Wednesday, May 13, 2009

ING Posts Third Consecutive Quarterly Loss After Writedowns

ING Posts Third Consecutive Quarterly Loss After Writedowns


May 13 (Bloomberg) -- ING Groep NV, the largest Dutch financial-services company, posted a third consecutive quarterly loss because of equity writedowns, higher loan-loss provisions and reorganization costs.

The first-quarter net loss was 793 million euros ($1.08 million), compared with a 1.54 billion-euro profit a year earlier, Amsterdam-based ING said today in a statement. That missed the 524 million-euro loss median estimate of 10 analysts surveyed by Bloomberg News. The company had a loss of about 4.2 billion euros over the previous two quarters.

ING, which traces its roots to 1743, plans to raise as much as 8 billion euros selling assets to boost capital and is cutting 7,000 jobs in a bid to reduce operating costs by 1 billion euros this year. ING said last month it expects to sell as many as 15 businesses “as market conditions permit.”

“On paper, the plans are good, but the question when realizing them is whether that’s still evident,” Dirk Peeters, a Brussels-based analyst at KBC Securities who rates ING a “buy,” said in an interview before the results were released. “Who wants to buy?”

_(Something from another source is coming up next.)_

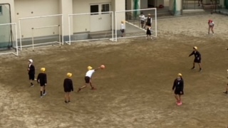 休み時間の様子です。ドッヂボールの投げる瞬間を捉えました。ナイススロー!
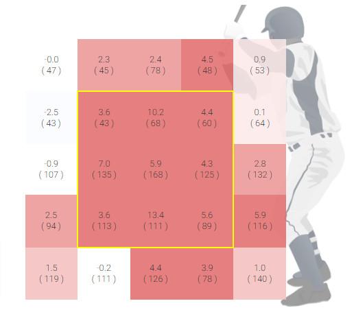 Murakami’s excellence to all fields is mirrored in his excellence against all pitch types. According to DeltaGraphs, Murakami leads qualified NPB hitters in per-pitch production against four-seamers, sliders, splitters, and cutters, while rating well above average against sinkers, curves, and changeups. Nor does he have a weak spot in or around the strike zone. As Sneed says, “I always look for, Does a guy have a hole? Does he struggle with something in, does he struggle with spin in a certain spot? … And I haven’t seen one. … It’s not like he’s just hitting the ball up or he’s just hitting the ball down or whatever, he’s covered everything. … Lefty, righty, a guy that throws soft, a guy that throws hard.” It’s true: Murakami’s heat map (displaying runs above average per 100 pitches) is red virtually everywhere. Mura-god indeed.

Chief Executive Officer Jan Hommen, who presented ING’s new strategy last month after replacing Michel Tilmant on Jan. 26, expects the asset sales to free up about 4 billion euros in capital.

Government Lifeline

ING’s plan coincides with efforts by U.S. banks to raise $37 billion to fill capital shortfalls or repay the Treasury’s bailout fund after getting the results of a government stress test. The test found that 10 lenders needed to raise a total of $74.6 billion in capital and that a deeper recession could lead to potential losses of $599.2 billion in 2009 and 2010 for the 19 lenders examined.

ING, created in the 1991 merger of Nationale-Nederlanden and NMB Postbank Group, received a 10 billion-euro government lifeline in October and transferred the risk on most Alt-A mortgage assets to the Dutch state.

Financial companies worldwide have announced more than 310,000 job cuts after $1.41 trillion of writedowns and credit losses since the start of 2007.

ING already raised 1.4 billion euros in February by selling its 70 percent stake in ING Canada Inc., the country’s largest property and casualty insurer. The plan also includes concentrating the banking business on operations in the Benelux region, as well as Poland, Romania and Turkey.

Investment Management

ING plans to integrate its investment-management units in Europe, the Americas and Asia and include real-estate investment management. In the U.S., ING will explore “strategic options” for its employee benefits, group reinsurance and existing annuities book, the company said.

In insurance, ING will focus on life and retirement services in the Benelux countries, central Europe, the U.S., Latin America and Asia. The life insurance activities in China and Japan are under review.